- L’injonction de payer est une procédure judiciaire rapide, simple et peu coûteuse pour récupérer une créance impayée (facture, reconnaissance de dette, loyer…) ;
- Elle s’adresse à toute personne (particulier ou professionnel) qui n’a pas obtenu de règlement malgré des relances amiables ;
- Selon le montant et la nature de la créance, vous devez saisir le tribunal judiciaire ou le tribunal de commerce ;
- Le juge rend une ordonnance sans entendre le débiteur. Celui-ci dispose ensuite d’un délai pour faire opposition ;
- A partir du 1er septembre 2026, l’ordonnance devra être signifiée dans un délai de 3 mois (contre 6 auparavant) sous peine de caducité ;
- En cas d’absence d’opposition, vous obtenez un titre exécutoire qui permet à un commissaire de justice de forcer le paiement.

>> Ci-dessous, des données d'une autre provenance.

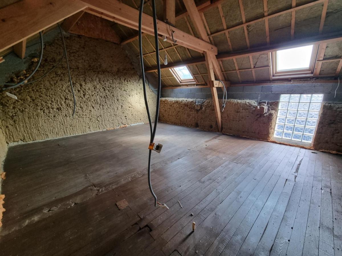 Au rez-de-chaussée : une pièce avec coin cuisine, une pièce avec salle d'eau, wc, une chambre, une pièce avec une chaudière.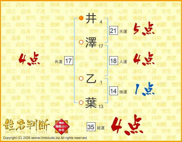 井澤乙葉さんの外運は17画の4点!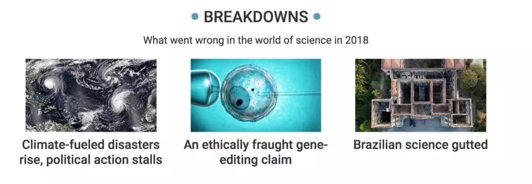 每一年,《科学(Science)》杂志都会评选年度十大科学突破,今年的评选于当地时间20号刚刚新鲜出炉。除了十大年度科学突破(runners-up)外,今年还增加了三个年度科学故障(breakdowns)的评选项目,其中,贺建奎和他的争议项目基因编辑,入选这一年度最大“breakdown”。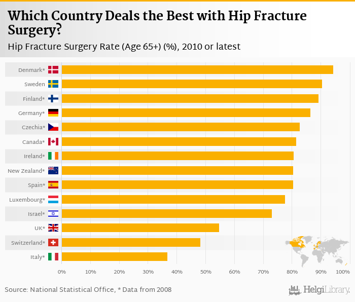 Based on a comparison of 14 countries in 2010, Denmark ranked the highest in hip fracture surgery rate for patients 65 years and older with 94.3% followed by Sweden and Finland. On the other end of the scale was Italy with 36.8%, Switzerland with 48.3% and United Kingdom with 54.8%.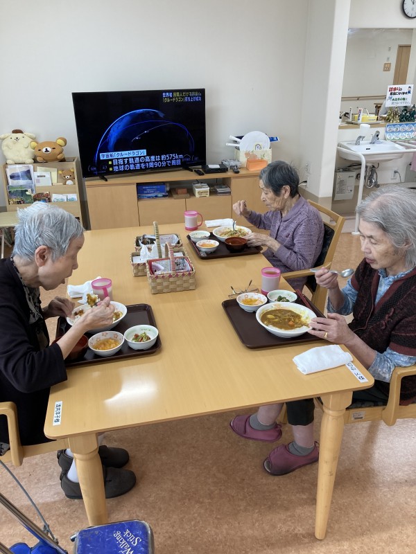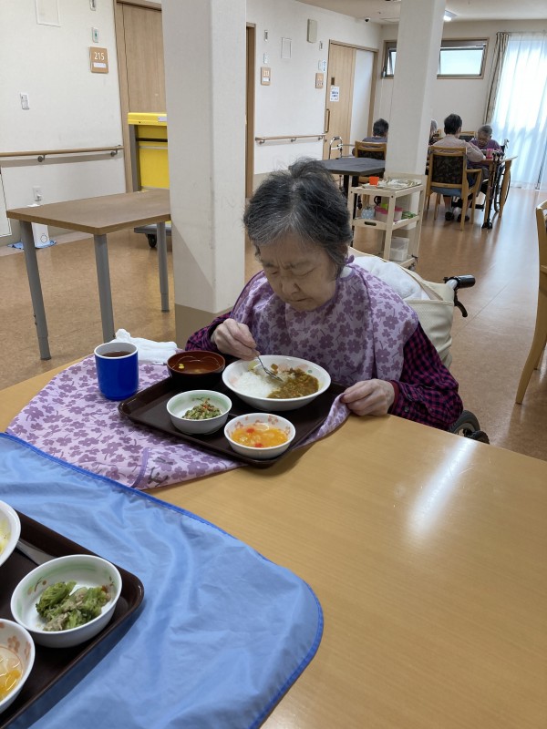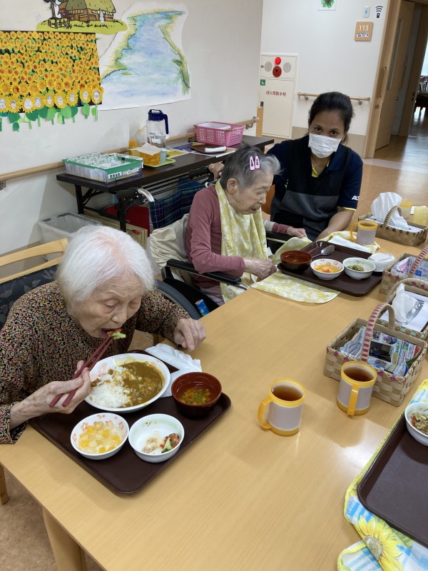 いつも大変お世話になっております。介護付有料老人ホームみんなの家・東浦和3です。ホームでもお昼ご飯にカレーライスが出る日があります。日本の国民食とも言われるカレーライス。カレーライスが皆さまにご好評いただいているかお食事風景を覗いてみました。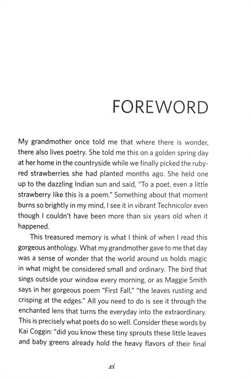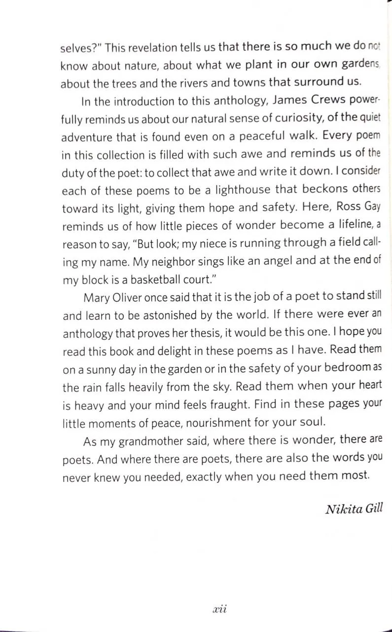 The anthology features a foreword by Nikita Gill and includes works from a diverse range of voices, including Joy Harjo, Ross Gay, and Ted Kooser, alongside emerging poets.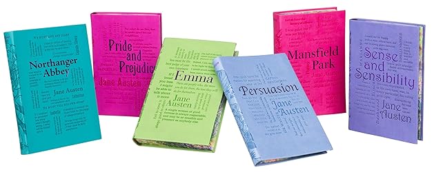 - Fall in love with Jane Austen’s timeless romances in this stunning six-volume collector’s set. Celebrate the timeless charm of Jane Austen’s beloved novels with this beautifully designed six-volume boxed set. Featuring witty heroines, elusive romances, and sharp social commentary, Austen’s stories have captivated readers for generations and continue to inspire countless stage and screen adaptations. This elegant collection includes… Sense and SensibilityPride and PrejudiceEmmaMansfield ParkPersuasionNorthanger Abbey Each book is crafted with decorative spines, custom endpapers, and painted page edges that form a stunning scene across the set. More than just novels, these editions are a work of art for your bookshelf—perfect for readers, collectors, and interior design enthusiasts alike. Whether you’re rediscovering Austen’s classics or experiencing them for the first time, this set offers heartwarming romance, clever heroines, and enduring literary beauty. A must-have for fans of classic literature, historical romance, and elegant book design.

Vous avez livré une prestation, émis une facture et… rien. Malgré vos relances, votre client ou votre partenaire commercial reste silencieux. En tant qu’indépendant ou dirigeant d’une société, chaque impayé pèse directement sur votre trésorerie et sur la rentabilité de votre activité. Heureusement, il existe une procédure judiciaire conçue précisément pour cette situation : l’injonction de payer. Rapide, peu coûteuse et accessible sans avocat dans la plupart des cas, elle vous permet d’obtenir un titre exécutoire pour forcer le paiement. On vous explique tout.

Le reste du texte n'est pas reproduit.